#### Assignment:
What you return must match, exactly, the lines running from the one containing "Tegoroczny Tydzień Języka" to the end of the data, both included, and must contain no pictures.

[[ Information given open ]]

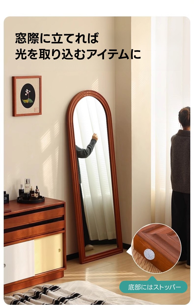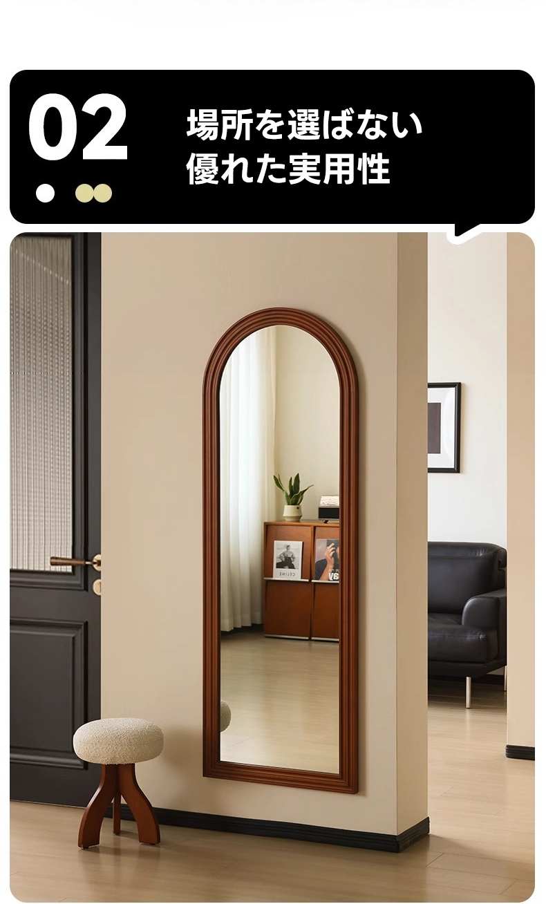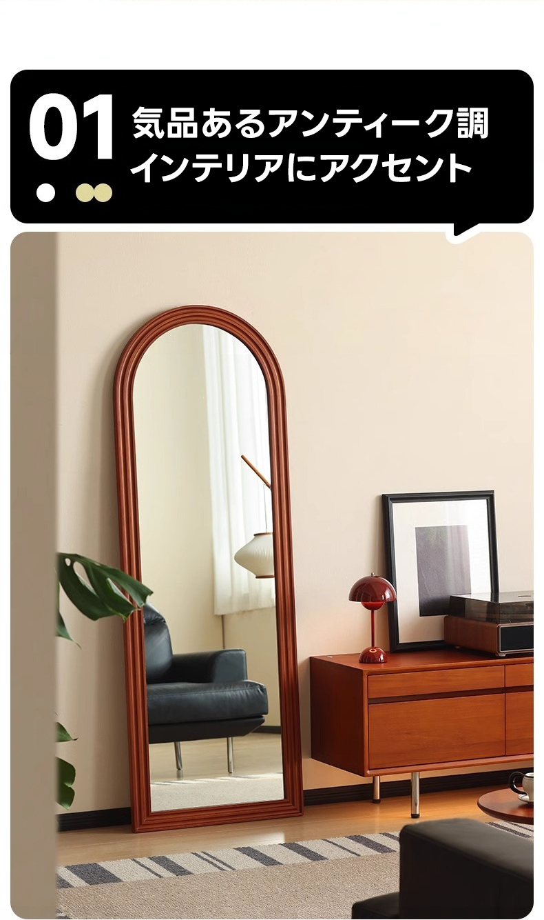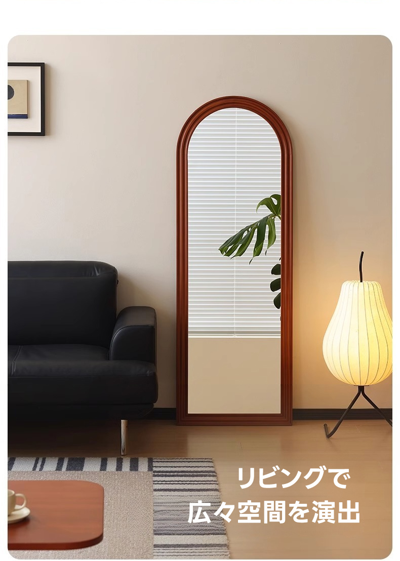 - 【エレガントなデザイン】このアンティーク調アーチミラーは、洗練されたデザインが特徴で、どんなインテリアにも自然に溶け込みます。ヴィンテージスタイルのブラウンカラーが空間にクラシックな雰囲気をプラスします。
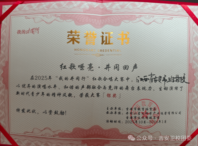 我校合唱团凭借扎实的演唱功底、和谐的声部融合与饱满的精神面貌,在众多参赛队伍中脱颖而出。舞台上,同学们身着盛装,以一首《如愿》深情演绎,用嘹亮的歌声传递对革命先辈的敬意,展现了新时代卫校学子的家国情怀与青春风采。从排练到登台,指导老师与全体队员凝心聚力、反复打磨,最终收获了大赛银奖!
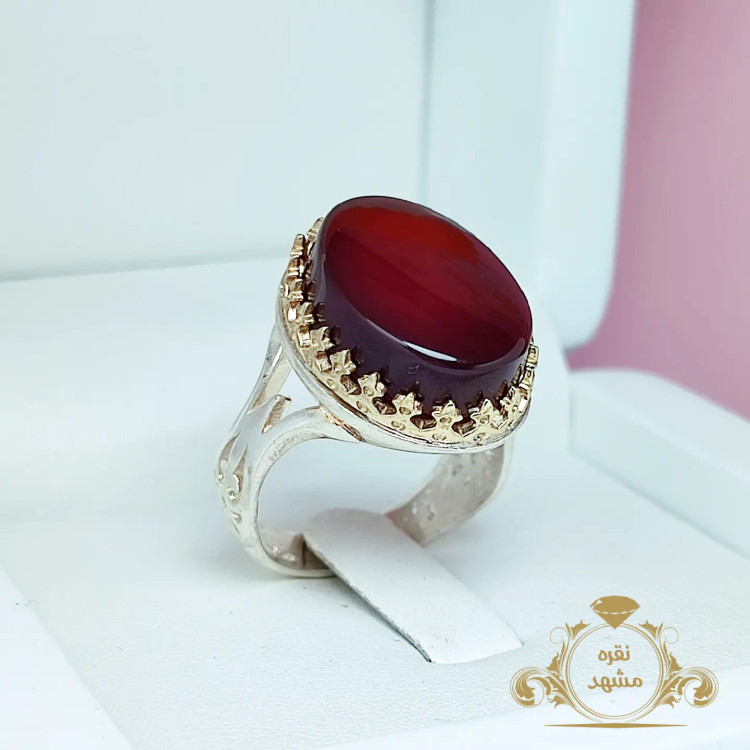 🔴 انگشتر عقیق سرخ مردانه نقره
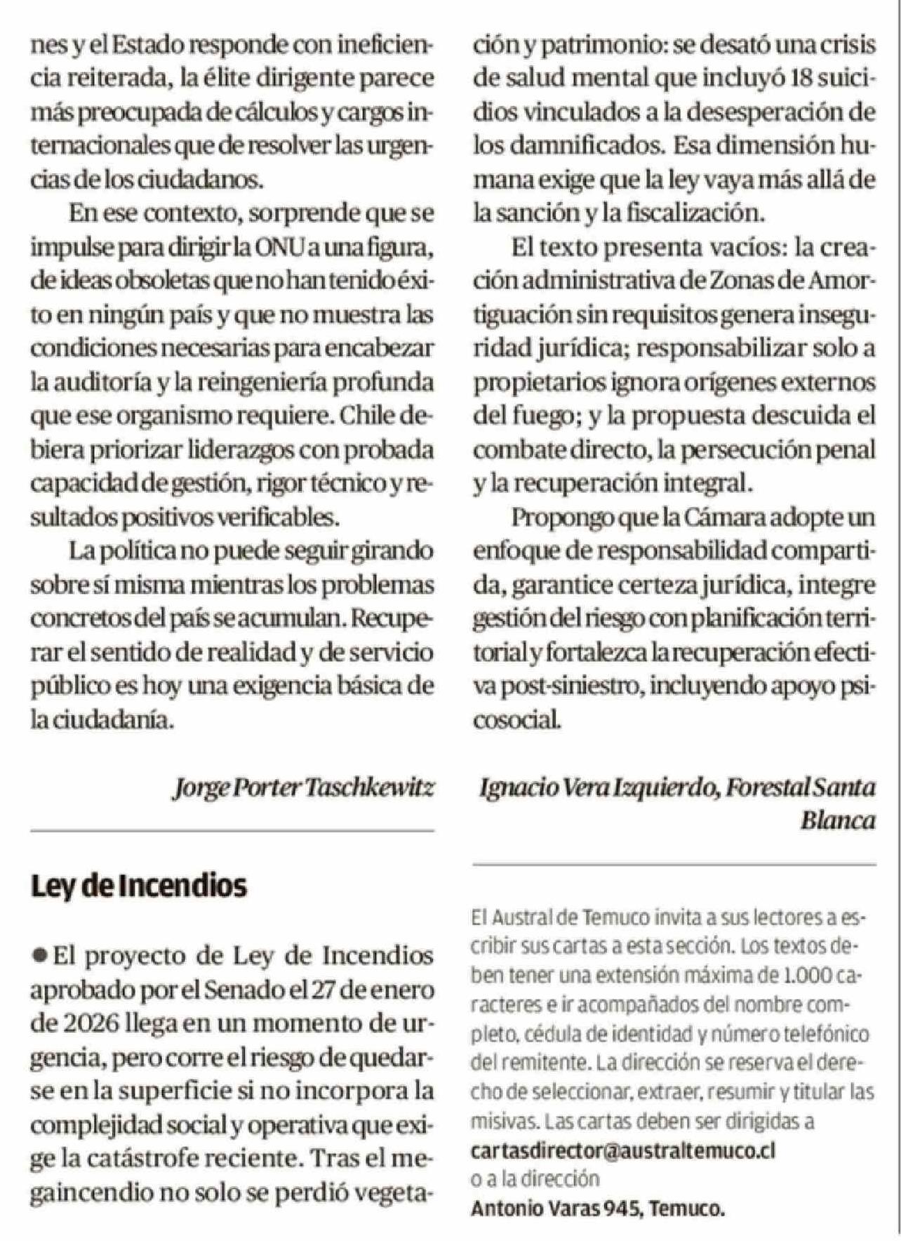 Cartas: Ley de Incendios 09-02-2026 El Austral de la Araucanía |
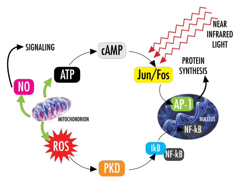 In addition to ATP, laser stimulation also produces free nitric oxide (NO) and modulates reactive oxygen species (ROS). NO is a powerful vasodilator and an important cellular signaling molecule involved in many physiological processes. ROS have been shown to affect many important physiological signaling pathways including the inflammatory response. Together, increased NO and improved ROS levels provide an environment for faster signaling, resulting in decreased inflammation.
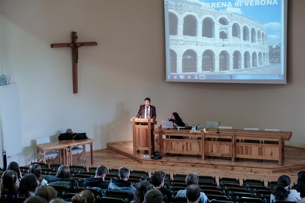 Tegoroczny Tydzień Języka Włoskiego na Świecie odbywa się pod hasłem „Język włoski w muzyce, muzyka w języku włoskim". Nawet wykład arch. Rudiego Fontany podporządkowany był muzyce. Prelegent najpierw omówił zjawisko dźwięku i wytłumaczył proces rozróżniania hałasu od melodii. Potem zaś scharakteryzował słynne włoskie budowle, w których można posłuchać muzyki (od rzymskiej areny w Weronie, przez teatr La Fenice w Wenecji, po stadiony sportowe, na których organizowane są koncerty często dla wielu tysięcy słuchaczy.
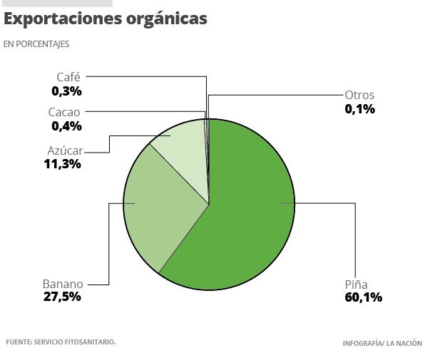 La piña, el banano y la caña de azúcar concentran el 98% de las exportaciones de productos orgánicos de Costa Rica a Europa, el mercado principal de destino de ese tipo de bienes.
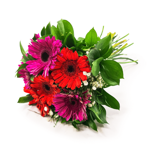 As gérberas significam a positividade, energia da natureza, alegria e vivacidade e são um ótimo presente para alegrar a pessoa presenteada em diversas situações. Esse buquet com 10 unidades é alegre e contrastante para trazer muita vivacidade.
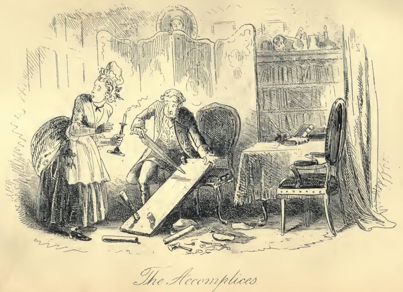 The stillness consequent on the cessation of the rumbling and labouring of the coach, added to the stillness of the night, made it very quiet indeed. The panting of the horses communicated a tremulous motion to the coach, as if it were in a state of agitation. The hearts of the passengers beat loud enough perhaps to be heard; but at any rate, the quiet pause was audibly expressive of people out of breath, and holding the breath, and having the pulses quickened by expectation.
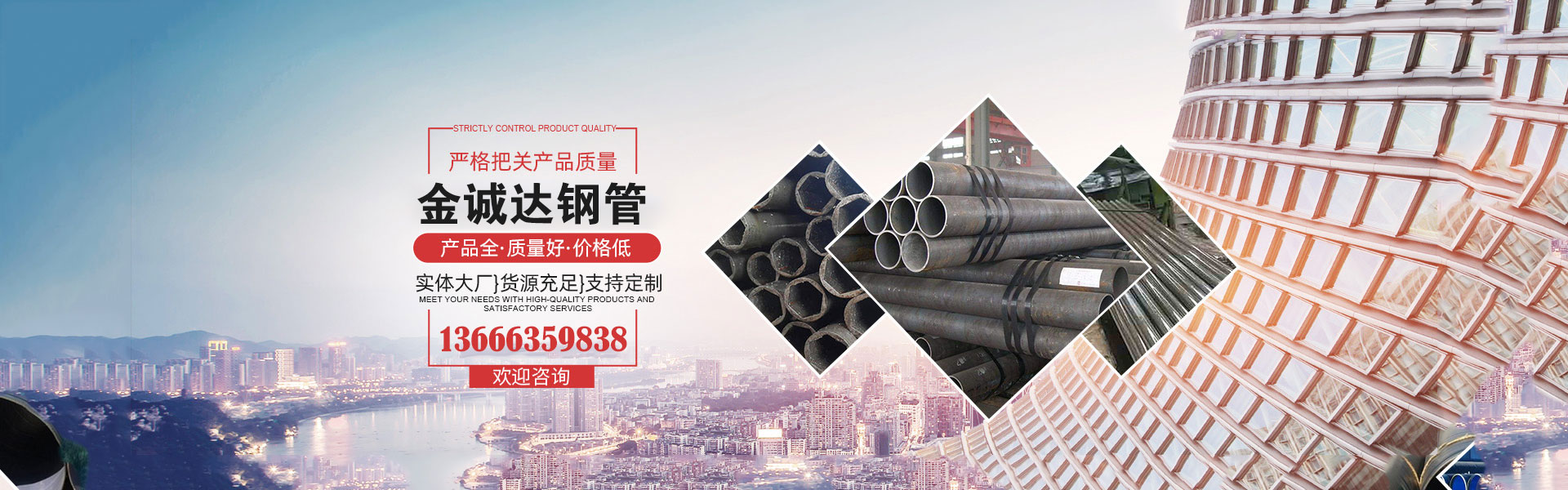 專業銷售:無縫鋼管 方管矩管 異形管 精密鋼管 合金鋼管 螺旋鋼管 直縫焊管 輸送流體管 薄壁管 厚壁管等。公司嚴控質量,確保所有出廠產品

[[ Information given closed ]]

#### Answer to the exercise:
 Tegoroczny Tydzień Języka Włoskiego na Świecie odbywa się pod hasłem „Język włoski w muzyce, muzyka w języku włoskim". Nawet wykład arch. Rudiego Fontany podporządkowany był muzyce. Prelegent najpierw omówił zjawisko dźwięku i wytłumaczył proces rozróżniania hałasu od melodii. Potem zaś scharakteryzował słynne włoskie budowle, w których można posłuchać muzyki (od rzymskiej areny w Weronie, przez teatr La Fenice w Wenecji, po stadiony sportowe, na których organizowane są koncerty często dla wielu tysięcy słuchaczy.
 La piña, el banano y la caña de azúcar concentran el 98% de las exportaciones de productos orgánicos de Costa Rica a Europa, el mercado principal de destino de ese tipo de bienes.
 As gérberas significam a positividade, energia da natureza, alegria e vivacidade e são um ótimo presente para alegrar a pessoa presenteada em diversas situações. Esse buquet com 10 unidades é alegre e contrastante para trazer muita vivacidade.
 The stillness consequent on the cessation of the rumbling and labouring of the coach, added to the stillness of the night, made it very quiet indeed. The panting of the horses communicated a tremulous motion to the coach, as if it were in a state of agitation. The hearts of the passengers beat loud enough perhaps to be heard; but at any rate, the quiet pause was audibly expressive of people out of breath, and holding the breath, and having the pulses quickened by expectation.
 專業銷售:無縫鋼管 方管矩管 異形管 精密鋼管 合金鋼管 螺旋鋼管 直縫焊管 輸送流體管 薄壁管 厚壁管等。公司嚴控質量,確保所有出廠產品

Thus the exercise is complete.